The reply should hold only the lines from the one with "Перед Вами Инструкция" to the one with "Ivo Colanus Rally", both ends kept, exactly as they appear below, without any pictures.

(Records from a collection)
********************

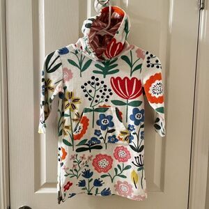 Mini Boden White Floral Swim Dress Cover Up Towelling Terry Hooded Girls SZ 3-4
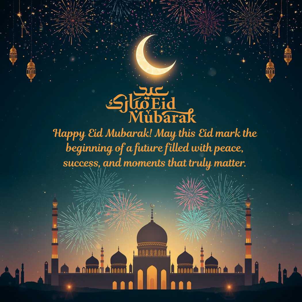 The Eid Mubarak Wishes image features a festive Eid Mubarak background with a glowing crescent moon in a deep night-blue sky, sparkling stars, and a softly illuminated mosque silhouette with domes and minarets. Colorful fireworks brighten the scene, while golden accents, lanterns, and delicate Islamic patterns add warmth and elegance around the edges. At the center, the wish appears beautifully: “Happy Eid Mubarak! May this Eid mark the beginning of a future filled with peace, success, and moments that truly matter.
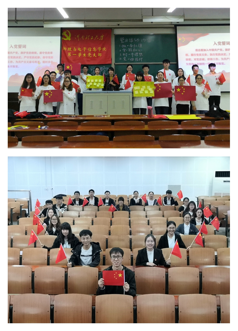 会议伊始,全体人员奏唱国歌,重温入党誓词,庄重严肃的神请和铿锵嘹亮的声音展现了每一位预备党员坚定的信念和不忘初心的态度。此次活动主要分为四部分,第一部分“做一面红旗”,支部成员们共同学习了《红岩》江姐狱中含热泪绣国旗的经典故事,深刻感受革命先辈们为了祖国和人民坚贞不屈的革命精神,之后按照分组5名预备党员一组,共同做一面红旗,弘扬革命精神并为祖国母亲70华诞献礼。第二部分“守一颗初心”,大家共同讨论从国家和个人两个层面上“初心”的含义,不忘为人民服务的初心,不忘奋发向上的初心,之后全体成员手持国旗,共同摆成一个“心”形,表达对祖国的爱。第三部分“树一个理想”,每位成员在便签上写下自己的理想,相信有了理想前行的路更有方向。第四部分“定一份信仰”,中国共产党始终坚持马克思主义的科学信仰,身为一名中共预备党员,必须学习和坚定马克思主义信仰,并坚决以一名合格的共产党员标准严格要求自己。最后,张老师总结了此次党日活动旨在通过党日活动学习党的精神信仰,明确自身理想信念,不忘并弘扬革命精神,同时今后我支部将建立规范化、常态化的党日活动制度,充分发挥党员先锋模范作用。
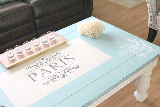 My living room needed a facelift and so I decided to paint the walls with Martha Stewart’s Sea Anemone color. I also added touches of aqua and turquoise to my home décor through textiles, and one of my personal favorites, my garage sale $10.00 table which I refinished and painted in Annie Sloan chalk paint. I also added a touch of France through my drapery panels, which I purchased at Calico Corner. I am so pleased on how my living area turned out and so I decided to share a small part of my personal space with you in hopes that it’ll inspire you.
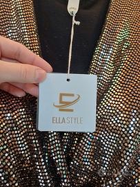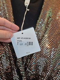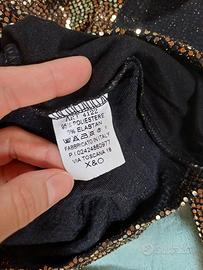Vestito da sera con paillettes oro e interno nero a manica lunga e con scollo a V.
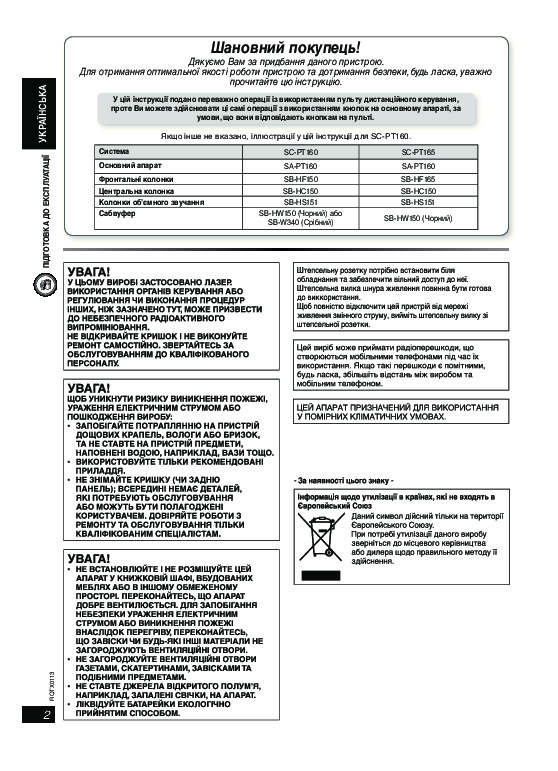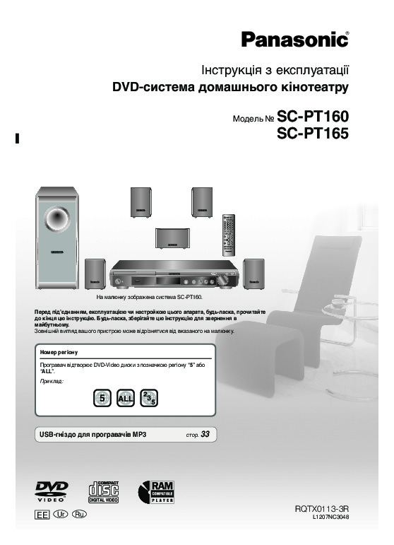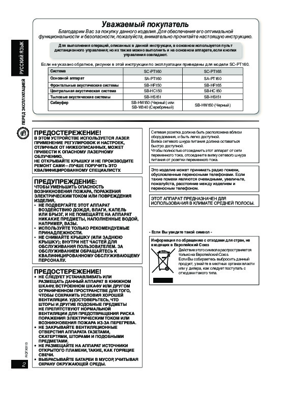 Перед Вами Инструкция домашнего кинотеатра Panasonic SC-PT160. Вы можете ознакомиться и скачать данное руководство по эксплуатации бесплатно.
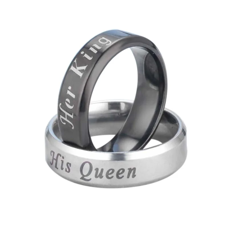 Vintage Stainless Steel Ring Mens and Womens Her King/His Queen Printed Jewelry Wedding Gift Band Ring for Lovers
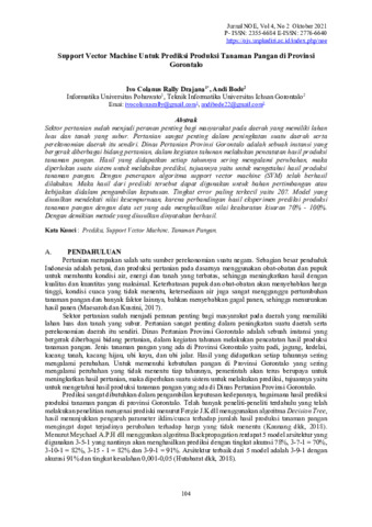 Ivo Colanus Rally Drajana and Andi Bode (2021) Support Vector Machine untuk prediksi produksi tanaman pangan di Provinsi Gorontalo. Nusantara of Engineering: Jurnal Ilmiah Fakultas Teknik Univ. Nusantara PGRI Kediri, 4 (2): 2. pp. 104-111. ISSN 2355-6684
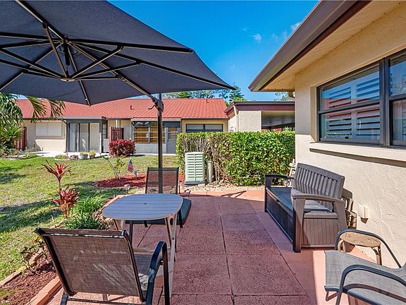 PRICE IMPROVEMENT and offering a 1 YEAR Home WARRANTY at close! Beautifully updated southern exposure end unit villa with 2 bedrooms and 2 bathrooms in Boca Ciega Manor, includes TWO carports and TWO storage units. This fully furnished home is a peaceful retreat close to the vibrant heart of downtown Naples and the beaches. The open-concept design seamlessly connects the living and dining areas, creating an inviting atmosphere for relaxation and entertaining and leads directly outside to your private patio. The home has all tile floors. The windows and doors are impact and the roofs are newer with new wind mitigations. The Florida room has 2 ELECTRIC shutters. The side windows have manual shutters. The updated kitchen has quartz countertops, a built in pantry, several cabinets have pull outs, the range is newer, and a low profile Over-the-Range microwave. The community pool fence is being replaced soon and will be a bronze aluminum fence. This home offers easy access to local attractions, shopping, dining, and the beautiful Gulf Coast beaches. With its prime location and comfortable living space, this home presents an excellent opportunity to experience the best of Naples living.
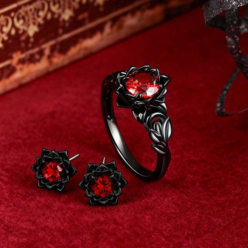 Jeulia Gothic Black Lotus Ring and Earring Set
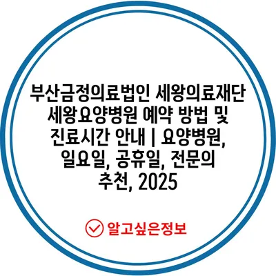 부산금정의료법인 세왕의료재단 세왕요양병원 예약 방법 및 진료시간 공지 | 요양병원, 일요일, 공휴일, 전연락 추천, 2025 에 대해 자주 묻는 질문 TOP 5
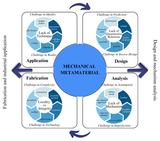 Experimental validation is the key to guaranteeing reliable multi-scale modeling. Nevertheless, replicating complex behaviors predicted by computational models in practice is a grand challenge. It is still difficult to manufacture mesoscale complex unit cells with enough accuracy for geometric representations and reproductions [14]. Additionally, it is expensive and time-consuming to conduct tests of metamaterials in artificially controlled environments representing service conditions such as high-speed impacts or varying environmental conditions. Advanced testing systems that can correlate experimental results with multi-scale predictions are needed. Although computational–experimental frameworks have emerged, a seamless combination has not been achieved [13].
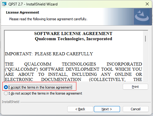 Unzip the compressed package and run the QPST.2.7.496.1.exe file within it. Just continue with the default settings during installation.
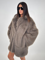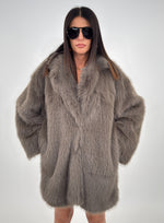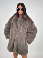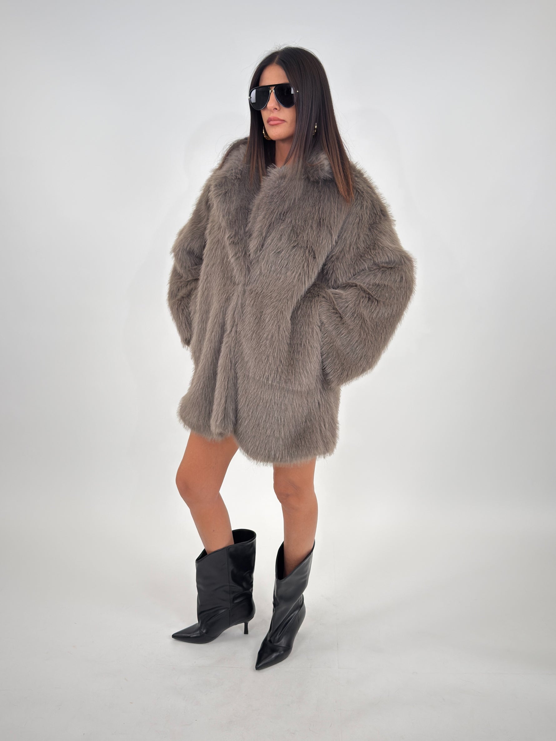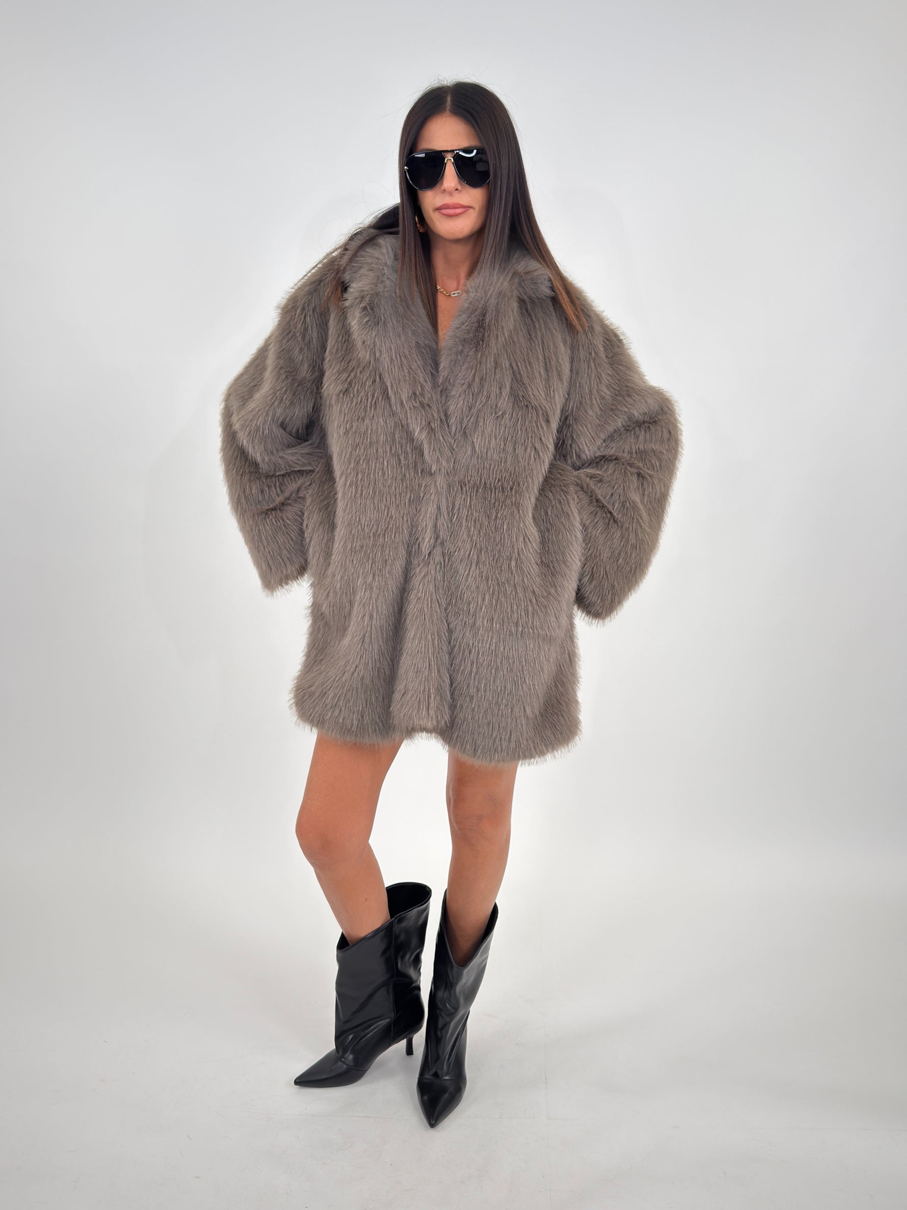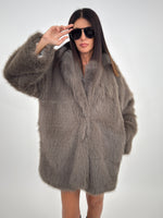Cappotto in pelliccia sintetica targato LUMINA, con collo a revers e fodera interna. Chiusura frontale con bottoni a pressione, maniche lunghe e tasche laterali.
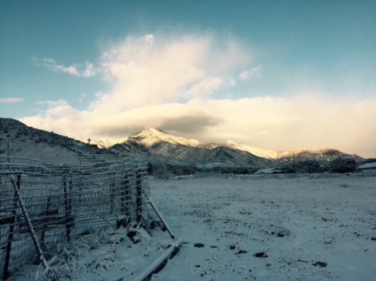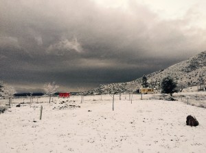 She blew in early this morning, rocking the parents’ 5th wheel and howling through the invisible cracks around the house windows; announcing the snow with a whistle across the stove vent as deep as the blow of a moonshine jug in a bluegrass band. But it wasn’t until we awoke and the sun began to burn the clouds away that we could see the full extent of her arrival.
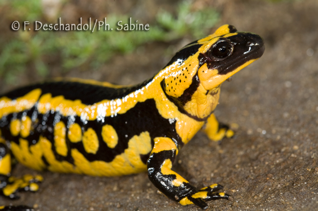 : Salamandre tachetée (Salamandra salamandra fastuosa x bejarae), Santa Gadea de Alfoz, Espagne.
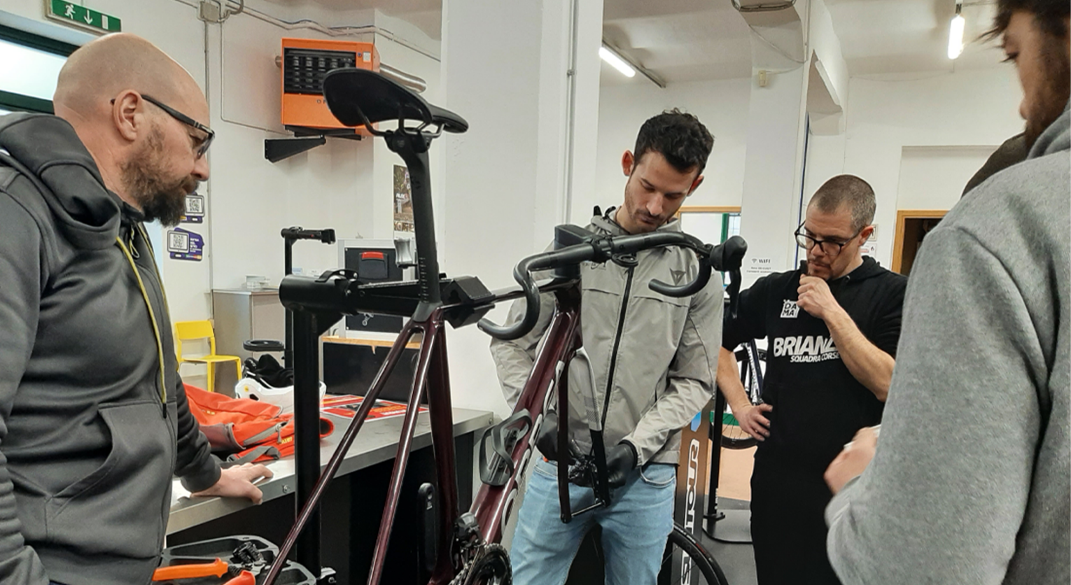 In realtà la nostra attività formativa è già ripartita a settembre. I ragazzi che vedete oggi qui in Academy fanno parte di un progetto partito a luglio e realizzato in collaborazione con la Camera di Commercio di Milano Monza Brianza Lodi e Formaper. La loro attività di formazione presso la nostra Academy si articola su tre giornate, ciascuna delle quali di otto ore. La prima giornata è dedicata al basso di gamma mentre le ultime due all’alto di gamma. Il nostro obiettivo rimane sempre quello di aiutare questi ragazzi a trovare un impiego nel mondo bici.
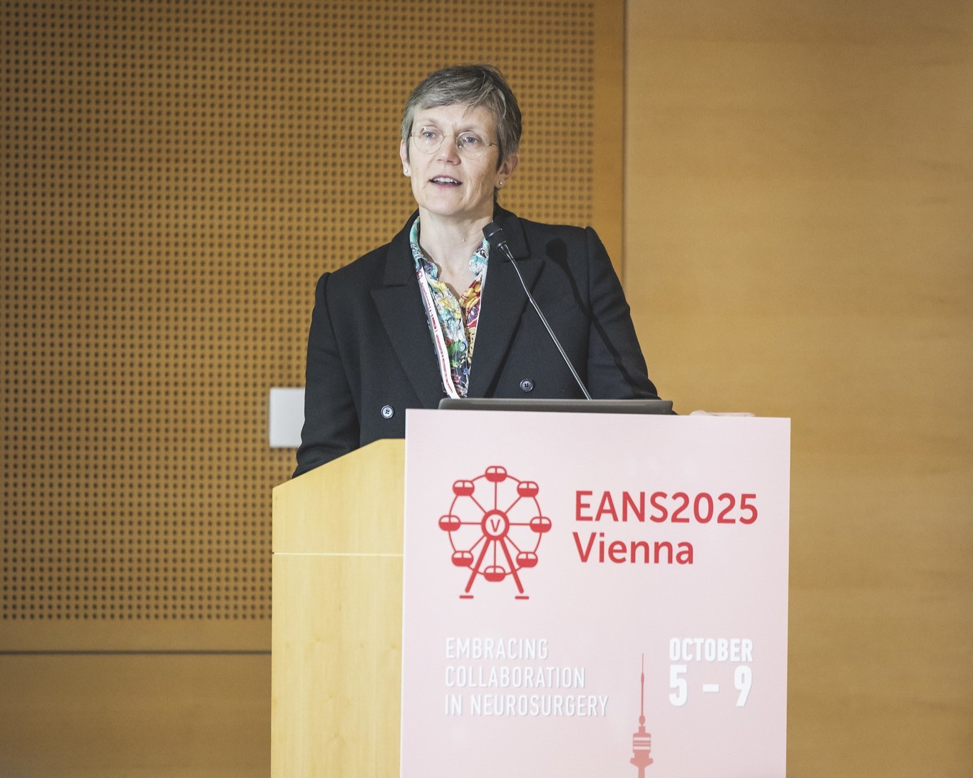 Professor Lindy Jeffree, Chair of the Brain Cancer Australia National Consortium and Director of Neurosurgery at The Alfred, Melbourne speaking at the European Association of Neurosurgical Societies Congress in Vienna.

********************

WRITTEN SOLUTION:
 Перед Вами Инструкция домашнего кинотеатра Panasonic SC-PT160. Вы можете ознакомиться и скачать данное руководство по эксплуатации бесплатно.
 Vintage Stainless Steel Ring Mens and Womens Her King/His Queen Printed Jewelry Wedding Gift Band Ring for Lovers
 Ivo Colanus Rally Drajana and Andi Bode (2021) Support Vector Machine untuk prediksi produksi tanaman pangan di Provinsi Gorontalo. Nusantara of Engineering: Jurnal Ilmiah Fakultas Teknik Univ. Nusantara PGRI Kediri, 4 (2): 2. pp. 104-111. ISSN 2355-6684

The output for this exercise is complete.